=== INPUT DATA ===
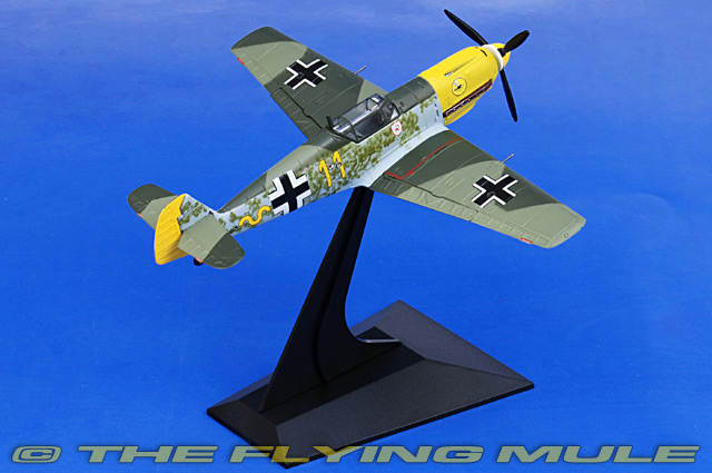 Designed to meet a Luftwaffe need for a single-seat fighter/interceptor, the Messerschmitt Bf 109 was first flown on May 28th, 1935. Its all-metal construction, closed canopy and retractable gear made the Bf 109 one of the first true modern fighters of WWII. This versatile aircraft served in many roles and was the most produced aircraft of the war and the backbone of the Luftwaffe, and was flown by Germany's top three aces, who claimed a total of 928 victories between them. Armed with two cannons and two machine guns, the Bf 109's design underwent constant revisions, which allowed it to remain competitive until the end of the war. © Copyright 2003-2025 The Flying Mule, Inc.
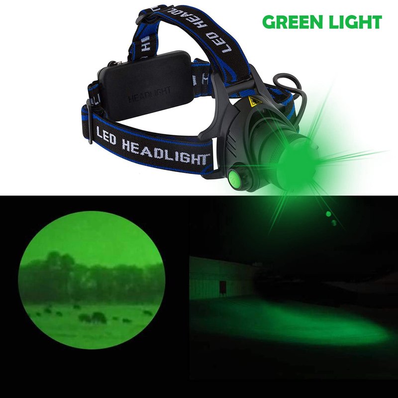 - 【Greenlight Headlamp】Hunting led headlight frees your hands and Greenlight allows you to get more prey. Green Headlamp for running, walking, fishing, hunting, hiking, cycling, reading, caving, auto repair & emergency kit or DIY as a waist lamp, Helmet Light, bike headlight.
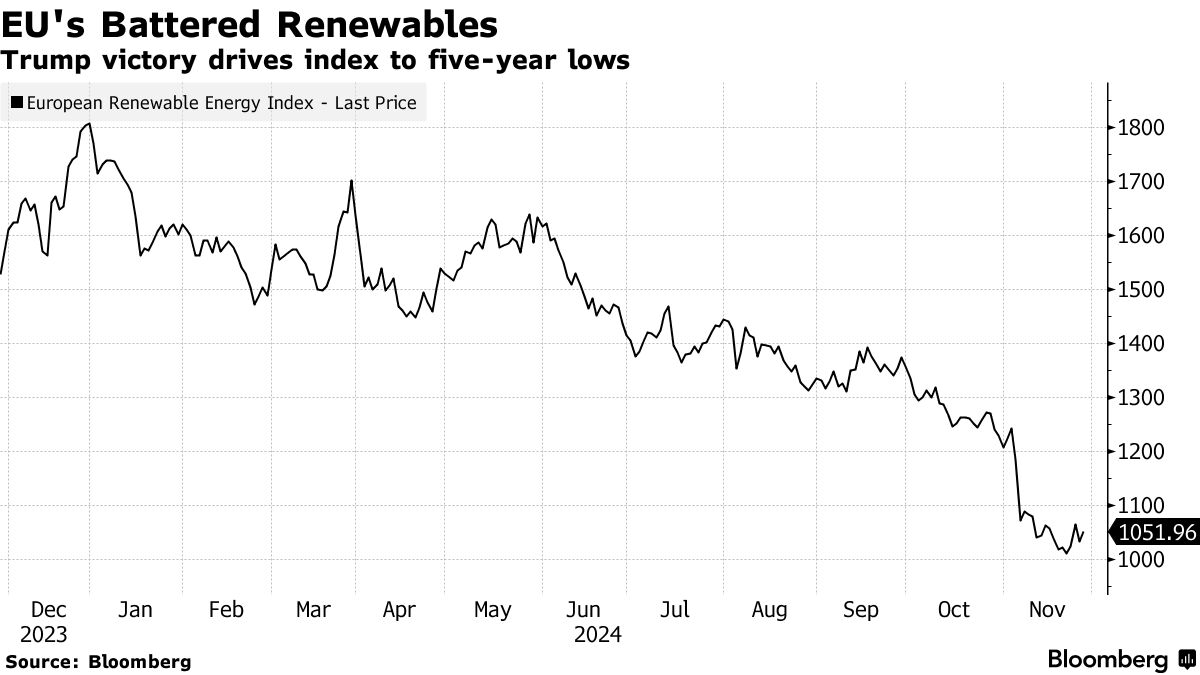 如果实施,这些政策将对美国清洁技术项目的发展造成打击,因为这将使从电池到用于建造太阳能农场的钢铁等所有产品的成本增加数十亿美元,根据一项分析,该分析由 麻省理工学院技术评论提供。加上特朗普承诺缩减绿色激励措施,如税收抵免,清洁能源股票已经出现了大幅抛售。标准普尔全球清洁能源指数自11月5日选举以来进一步下滑,现在接近4年半的低点。欧洲可再生能源指数接近六年低点。
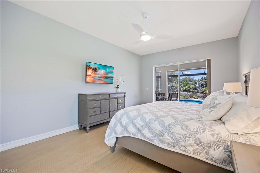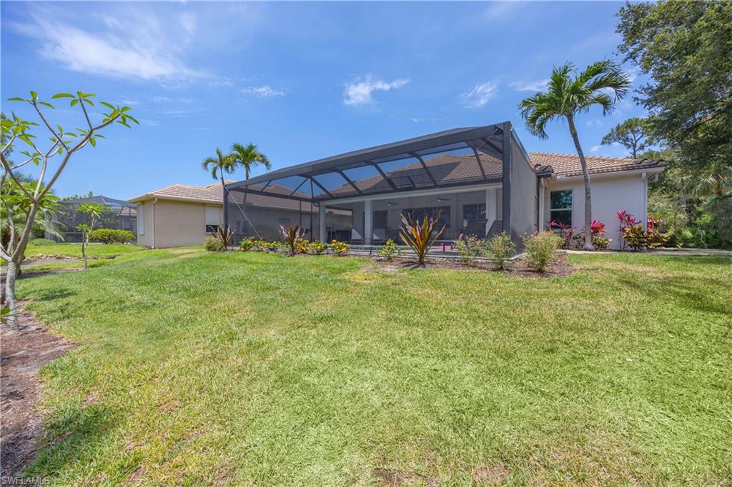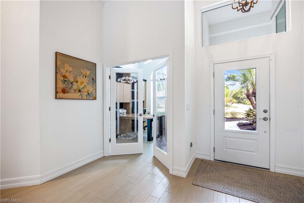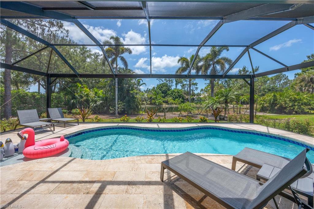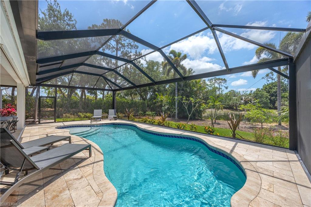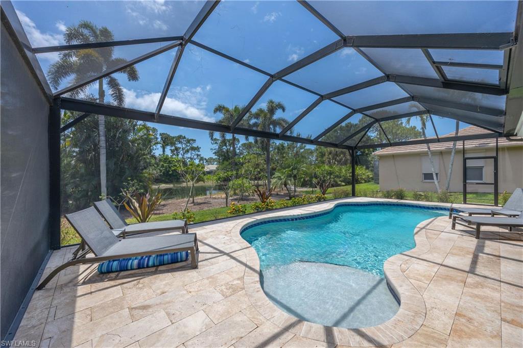 Owning this spectacular property in Autumn Woods doesn't come along very often. This lot has no neighboring home on one side and has privacy abound with a southern exposure pool and a serene view of a landscaped lake. This is a quiet 3+den home with open floor plan, split bedrooms, 2 bath, 2 car garage with A/C mini split and air conditioned storage room, 2 dining areas, and upgraded hurricane door and windows. For added protection of the rear sliders there are Kevlar manual/remote screens all under a 2020 roof. Long list of home improvements include kitchen and cabinetry, backsplash and appliances, primary bathroom, laundry room, solar pool heating and pump for a salt water pool, landscaping, closet systems, interior and exterior paint, and more! This home is sure to meet the needs of you and your family in an A rated school district. Leave and rest assure your home is protected in this gated community with low HOA fees of $800/Q! Autumn Woods is a convenient location to excellent public and private schools, restaurants, and shopping. This home is not to be missed!
===
### DIRECTIONS FOR THIS TASK
Please set down the data above exactly as given, leaving every picture out.

### EXERCISE RESULT
 Designed to meet a Luftwaffe need for a single-seat fighter/interceptor, the Messerschmitt Bf 109 was first flown on May 28th, 1935. Its all-metal construction, closed canopy and retractable gear made the Bf 109 one of the first true modern fighters of WWII. This versatile aircraft served in many roles and was the most produced aircraft of the war and the backbone of the Luftwaffe, and was flown by Germany's top three aces, who claimed a total of 928 victories between them. Armed with two cannons and two machine guns, the Bf 109's design underwent constant revisions, which allowed it to remain competitive until the end of the war. © Copyright 2003-2025 The Flying Mule, Inc.
 - 【Greenlight Headlamp】Hunting led headlight frees your hands and Greenlight allows you to get more prey. Green Headlamp for running, walking, fishing, hunting, hiking, cycling, reading, caving, auto repair & emergency kit or DIY as a waist lamp, Helmet Light, bike headlight.
 如果实施,这些政策将对美国清洁技术项目的发展造成打击,因为这将使从电池到用于建造太阳能农场的钢铁等所有产品的成本增加数十亿美元,根据一项分析,该分析由 麻省理工学院技术评论提供。加上特朗普承诺缩减绿色激励措施,如税收抵免,清洁能源股票已经出现了大幅抛售。标准普尔全球清洁能源指数自11月5日选举以来进一步下滑,现在接近4年半的低点。欧洲可再生能源指数接近六年低点。
 Owning this spectacular property in Autumn Woods doesn't come along very often. This lot has no neighboring home on one side and has privacy abound with a southern exposure pool and a serene view of a landscaped lake. This is a quiet 3+den home with open floor plan, split bedrooms, 2 bath, 2 car garage with A/C mini split and air conditioned storage room, 2 dining areas, and upgraded hurricane door and windows. For added protection of the rear sliders there are Kevlar manual/remote screens all under a 2020 roof. Long list of home improvements include kitchen and cabinetry, backsplash and appliances, primary bathroom, laundry room, solar pool heating and pump for a salt water pool, landscaping, closet systems, interior and exterior paint, and more! This home is sure to meet the needs of you and your family in an A rated school district. Leave and rest assure your home is protected in this gated community with low HOA fees of $800/Q! Autumn Woods is a convenient location to excellent public and private schools, restaurants, and shopping. This home is not to be missed!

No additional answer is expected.